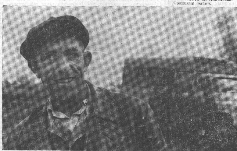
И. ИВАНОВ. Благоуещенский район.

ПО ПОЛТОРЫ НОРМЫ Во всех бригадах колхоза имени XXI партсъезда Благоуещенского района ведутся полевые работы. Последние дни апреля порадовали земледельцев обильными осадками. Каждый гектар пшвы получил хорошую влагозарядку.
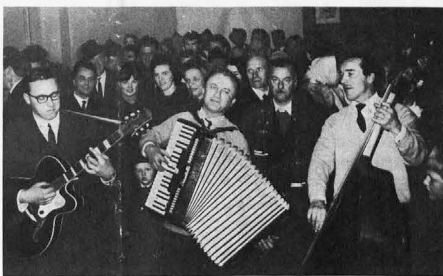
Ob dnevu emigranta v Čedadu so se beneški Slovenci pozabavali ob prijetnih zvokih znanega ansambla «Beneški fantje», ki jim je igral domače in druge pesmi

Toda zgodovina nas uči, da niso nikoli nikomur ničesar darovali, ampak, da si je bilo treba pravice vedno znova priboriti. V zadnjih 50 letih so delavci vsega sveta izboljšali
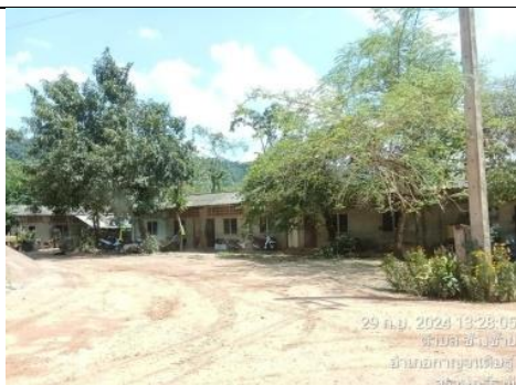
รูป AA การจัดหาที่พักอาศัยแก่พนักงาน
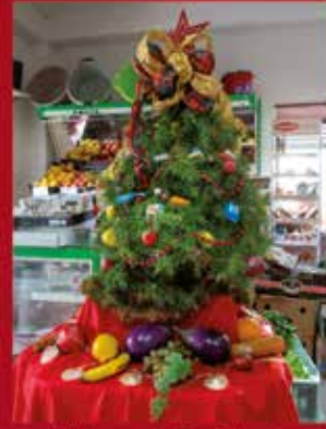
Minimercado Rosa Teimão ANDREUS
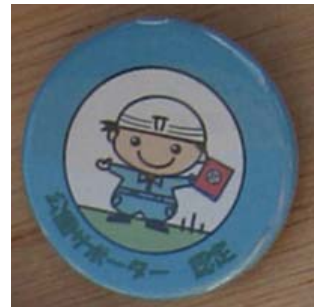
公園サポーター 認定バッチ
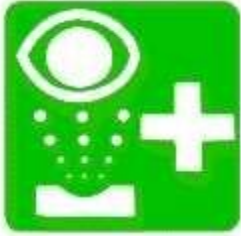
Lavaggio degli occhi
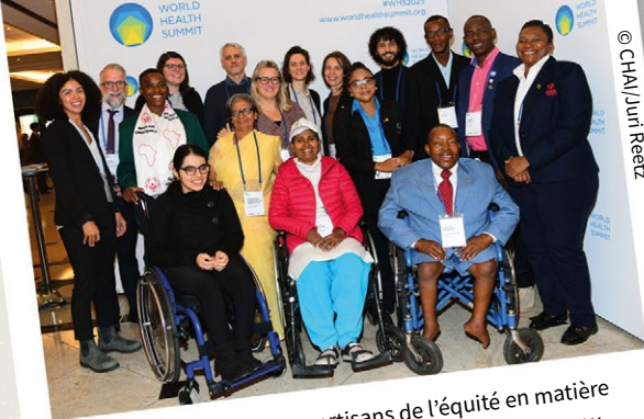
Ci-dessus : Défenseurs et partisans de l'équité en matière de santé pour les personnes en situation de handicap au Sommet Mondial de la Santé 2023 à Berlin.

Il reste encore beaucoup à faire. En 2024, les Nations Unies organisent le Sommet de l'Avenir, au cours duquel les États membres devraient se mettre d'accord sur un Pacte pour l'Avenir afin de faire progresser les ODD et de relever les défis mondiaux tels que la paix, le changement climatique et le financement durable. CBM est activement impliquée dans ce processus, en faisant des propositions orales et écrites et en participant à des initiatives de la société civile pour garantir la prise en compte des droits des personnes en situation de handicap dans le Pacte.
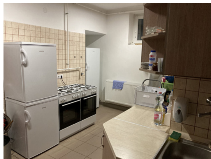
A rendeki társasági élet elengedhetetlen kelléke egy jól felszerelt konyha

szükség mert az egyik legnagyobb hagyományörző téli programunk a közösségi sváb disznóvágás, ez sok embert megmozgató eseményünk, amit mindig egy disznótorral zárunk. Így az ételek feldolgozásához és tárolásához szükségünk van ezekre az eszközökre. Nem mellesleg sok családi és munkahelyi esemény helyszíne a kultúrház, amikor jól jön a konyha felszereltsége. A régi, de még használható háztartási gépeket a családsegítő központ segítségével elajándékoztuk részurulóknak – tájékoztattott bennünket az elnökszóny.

☆ ☆ ☆ ☆ ☆

→ YOUR GOAL
In the data above, retype only the stretch from the line with "Ob dnevu emigranta" through the line with "Minimercado Rosa Teimão ANDREUS", word for word, and skip any pictures.

→ WRITTEN REPLY
Ob dnevu emigranta v Čedadu so se beneški Slovenci pozabavali ob prijetnih zvokih znanega ansambla «Beneški fantje», ki jim je igral domače in druge pesmi

Toda zgodovina nas uči, da niso nikoli nikomur ničesar darovali, ampak, da si je bilo treba pravice vedno znova priboriti. V zadnjih 50 letih so delavci vsega sveta izboljšali
รูป AA การจัดหาที่พักอาศัยแก่พนักงาน
Minimercado Rosa Teimão ANDREUS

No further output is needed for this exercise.